*Description of the task*.
Output the listing verbatim, leaving out every picture.

*Data excerpt*.

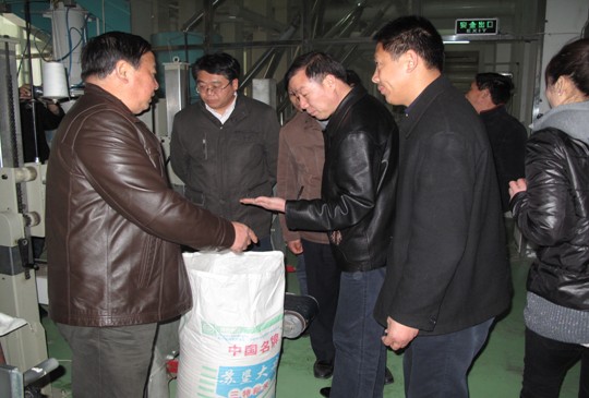 于国民副局长来到储备库、烘干线、大米加工车间和成品库,了解公司的整体运营情况,随后又察看了物流建设所需的码头地理位置和有关河道。在会议室,项总从占地面积、物流园区区位划分等方面介绍了黄海物流园建设的构想。听了项总的介绍加上现场考察,于局长表示,要在米产品、米产业、米深加工、稻谷的精优生产及品种的选优、质量的提高等方面,让农垦成为农业生产技术水平聚焦的集中区;另外,物流园区规划区域合理,可以在原有的基础上拓展延伸,在黄海做成稻米产业园区。 图为于国民副局长一行在黄海公司考察
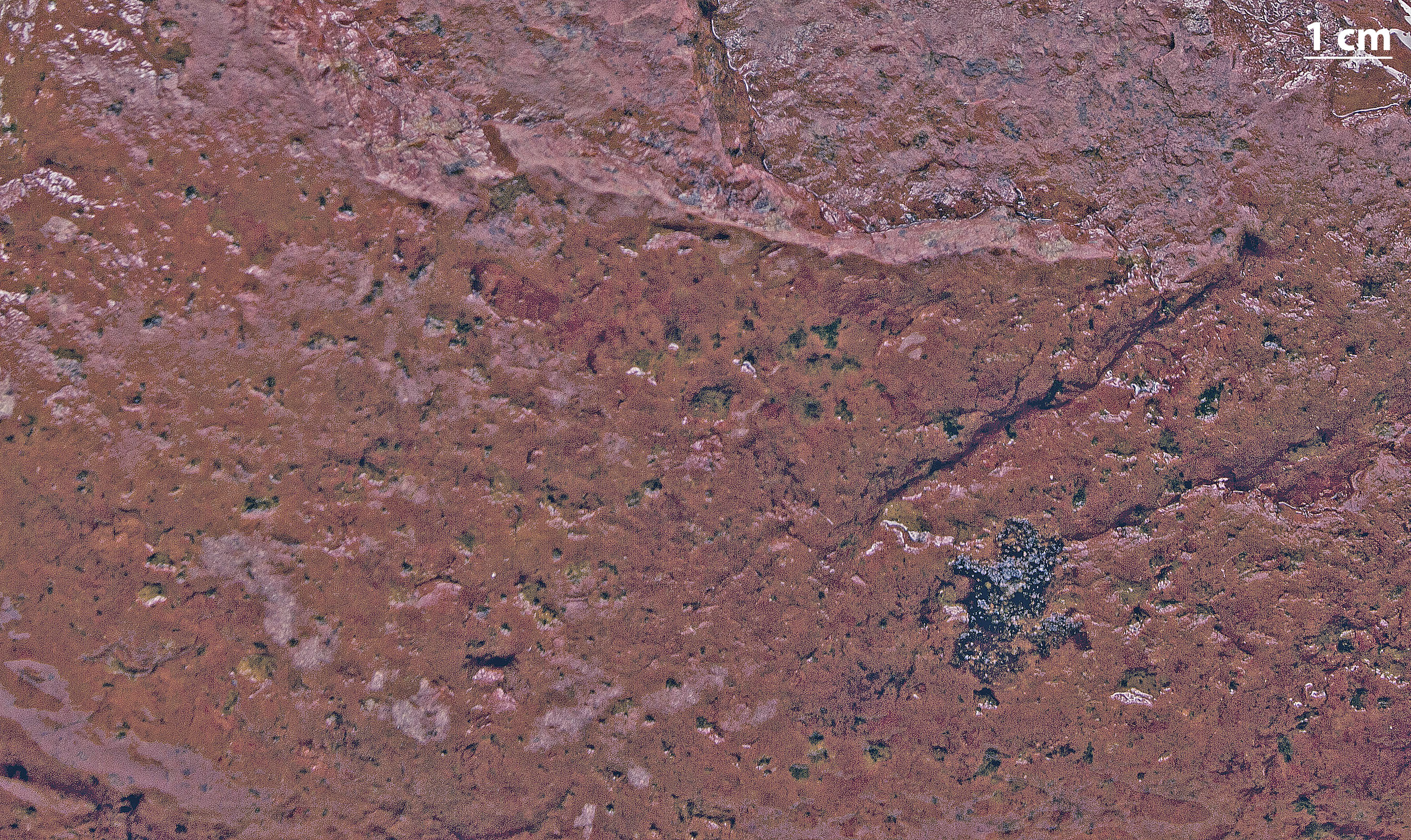 Typiske træk: Grundmassen er teglrød eller rødbrun, i forvitret stand lyserød. Ingen kvartskorn. To slags feldspatstrøkorn, begge 1-5 mm i tværsnit: 1) Kalifeldspatter, der kan være utydelige, fordi de kun er lidt lysere end grundmassen; 2) færre, lyst gulgrønne plagioklaser, der forvitrer ud og efterlader små, firkantede gruber. Kornene kan være samlet i utydelige striber. Ganske få, små, mørke strøkorn.
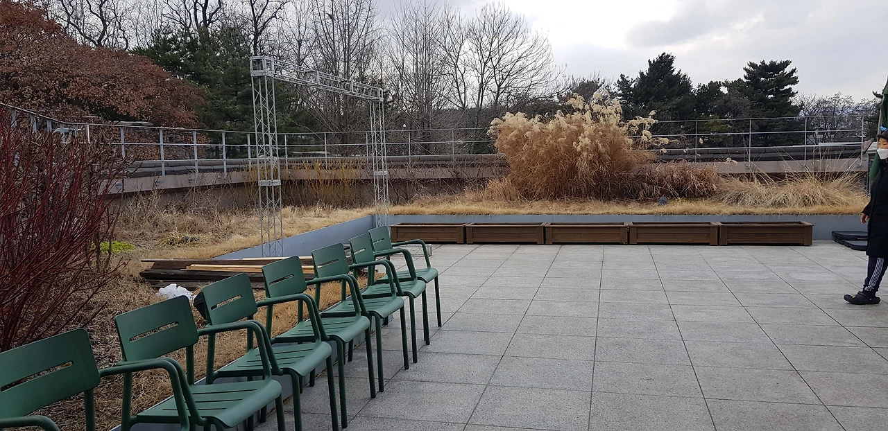 2) 도서관 외부 공간: 옥외는 테라스와 텃밭, 공연장이

*Task answer*.
 于国民副局长来到储备库、烘干线、大米加工车间和成品库,了解公司的整体运营情况,随后又察看了物流建设所需的码头地理位置和有关河道。在会议室,项总从占地面积、物流园区区位划分等方面介绍了黄海物流园建设的构想。听了项总的介绍加上现场考察,于局长表示,要在米产品、米产业、米深加工、稻谷的精优生产及品种的选优、质量的提高等方面,让农垦成为农业生产技术水平聚焦的集中区;另外,物流园区规划区域合理,可以在原有的基础上拓展延伸,在黄海做成稻米产业园区。 图为于国民副局长一行在黄海公司考察
 Typiske træk: Grundmassen er teglrød eller rødbrun, i forvitret stand lyserød. Ingen kvartskorn. To slags feldspatstrøkorn, begge 1-5 mm i tværsnit: 1) Kalifeldspatter, der kan være utydelige, fordi de kun er lidt lysere end grundmassen; 2) færre, lyst gulgrønne plagioklaser, der forvitrer ud og efterlader små, firkantede gruber. Kornene kan være samlet i utydelige striber. Ganske få, små, mørke strøkorn.
 2) 도서관 외부 공간: 옥외는 테라스와 텃밭, 공연장이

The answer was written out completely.